Read The Queen of Bedlam Online
Authors: Robert R. McCammon
Tags: #General, #Fiction, #General Interest, #Mystery & Detective, #Historical, #Serial murders, #Historical Fiction, #New York (N.Y.), #Clerks of court, #Serial Murders - New York (State) - New York, #New York, #Mystery Fiction, #Suspense Fiction, #New York (State)
And tomorrow? To be so impetuous as to once more haunt the dark outside the King Street orphanage, waiting for Ausley to appear on his jaunt to the gambling dens and so spy on him in hopes of…what, exactly? Or to stay home in his small room and embrace cold fact, that Ausley was right: he had absolutely nothing, and was unlikely to get anything at this pace. But to give up…to give up…was abandoning them all. Abandoning the reason for his solemn rage, abandoning the quest that he felt set him apart from every other citizen of this town. It gave him a purpose. Without it, who would he be?
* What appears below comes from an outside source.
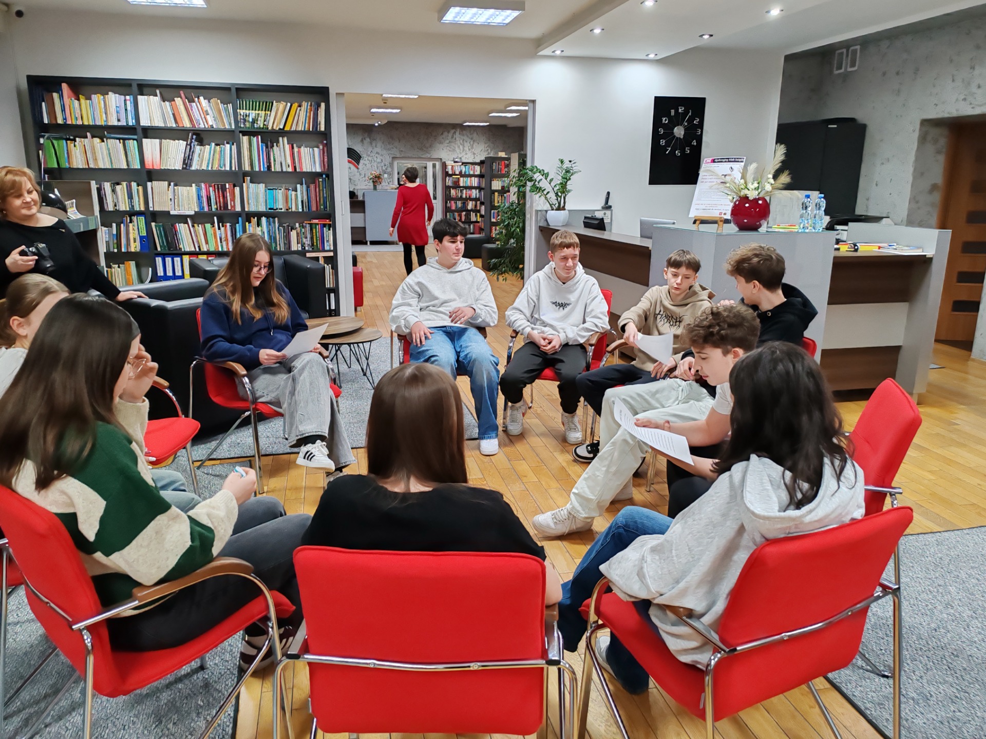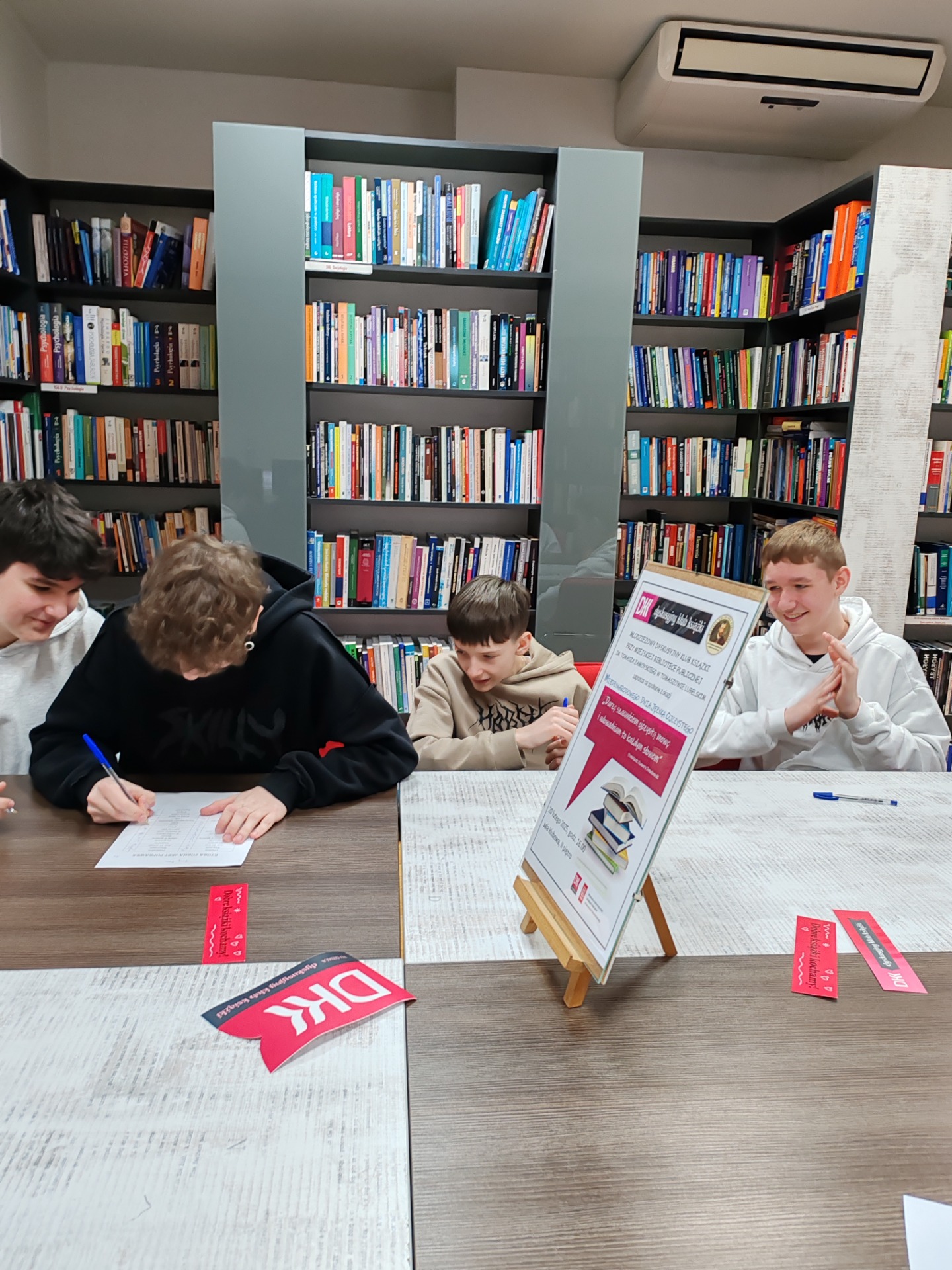 W ramach przypadającego na 21 lutego Międzynarodowego Dnia Języka Ojczystego młodzież z MDKK zebrała się w bibliotece, aby stanąć w szranki o tytuł Mistrza Języka Polskiego. Uczestnicy zabawy musieli wykazać się dobrą znajomością zasad gramatycznych, części mowy, znaczenia słów oraz poprawną dykcją i wymową trudnych dźwięków. Wyłoniliśmy indywidualnego mistrza łamańców językowych oraz mistrza drużynowego znajomości zasad i słów języka polskiego. Zadania były trudny, ale śmiechu było co nie miara! Kolejne spotkania klubu przed nami!🙂

He would be a magistrate’s clerk and a pottery sweeper, he thought as he went along the silent Broad Way. Only a young man who held sway over a quill and a broom, and whose mind was tormented by the vision of injustice to the innocent. It was what had made him stand up against Magistrate Woodward-his mentor and almost father, truth be told-to proclaim Rachel Howarth innocent of witchcraft in the town of Fount Royal three years ago. Had that decision helped to carry the ailing magistrate to his death? Possibly so. It was another torment, like the hot strike of a bullwhip ever endlessly repeating, that lay upon Matthew’s soul in every hour lit by sun or candle.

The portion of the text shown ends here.